===== Provided data

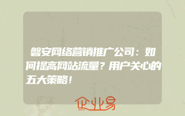- 磐安网络营销推广公司:如何提高网站流量?用户关心的五大策略!
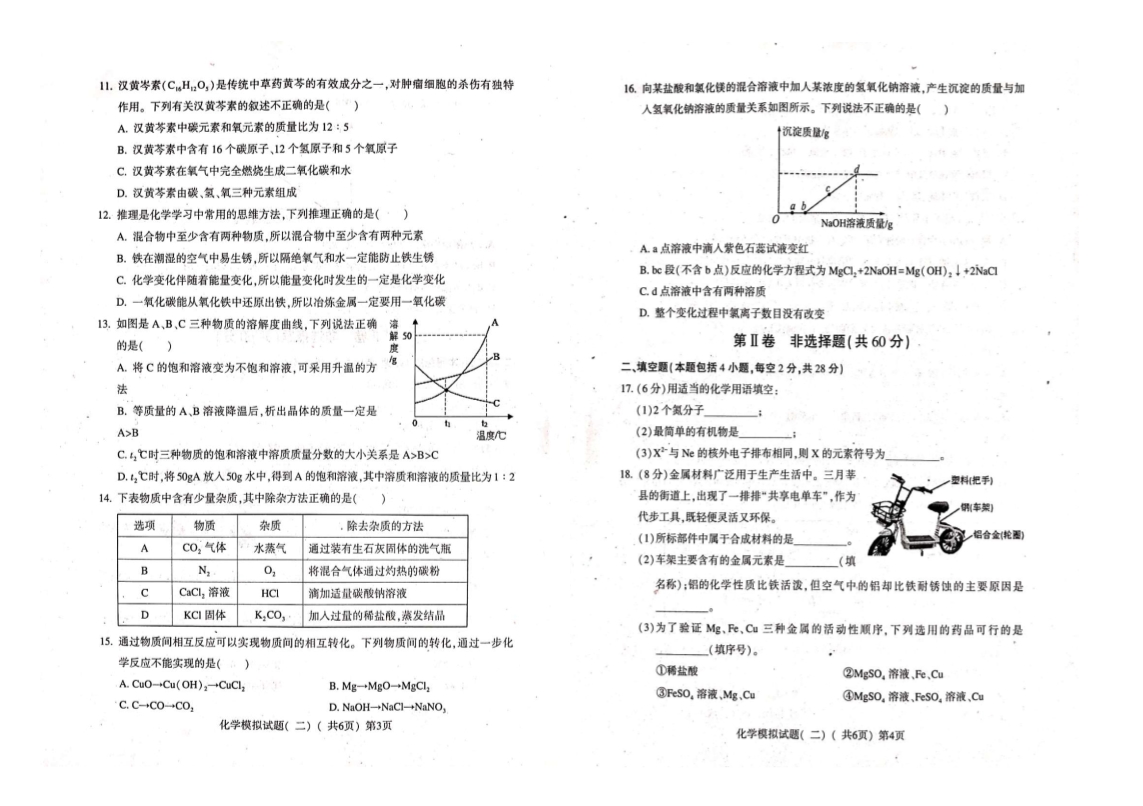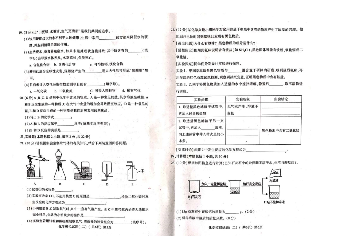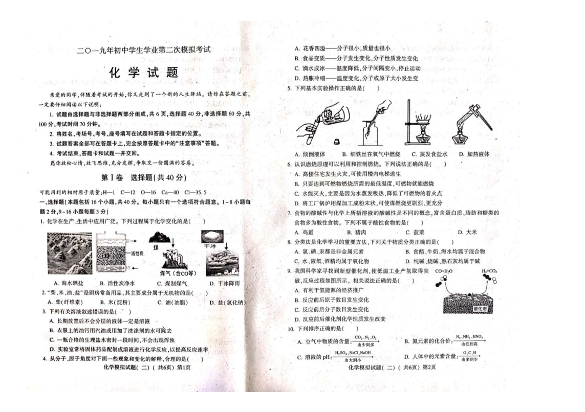 2019年山东聊城开发区九年级第二次模拟化学试题(图片版含答案)
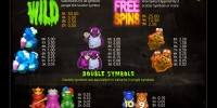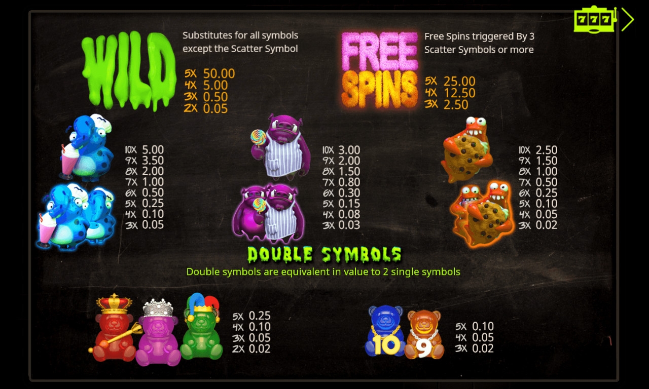 На барабанах игрового аппарата изображены различные сладости и необычные создания, которые с удовольствием поедают вкусняшки. Монстры бывают одинарными и двойными, что позволяет им формировать цепочки из трех – десяти одинаковых элементов.

==========

Action item → Would you transcribe the listing above line by line, exactly, leaving every picture out?

Written answer →
- 磐安网络营销推广公司:如何提高网站流量?用户关心的五大策略!
 2019年山东聊城开发区九年级第二次模拟化学试题(图片版含答案)
 На барабанах игрового аппарата изображены различные сладости и необычные создания, которые с удовольствием поедают вкусняшки. Монстры бывают одинарными и двойными, что позволяет им формировать цепочки из трех – десяти одинаковых элементов.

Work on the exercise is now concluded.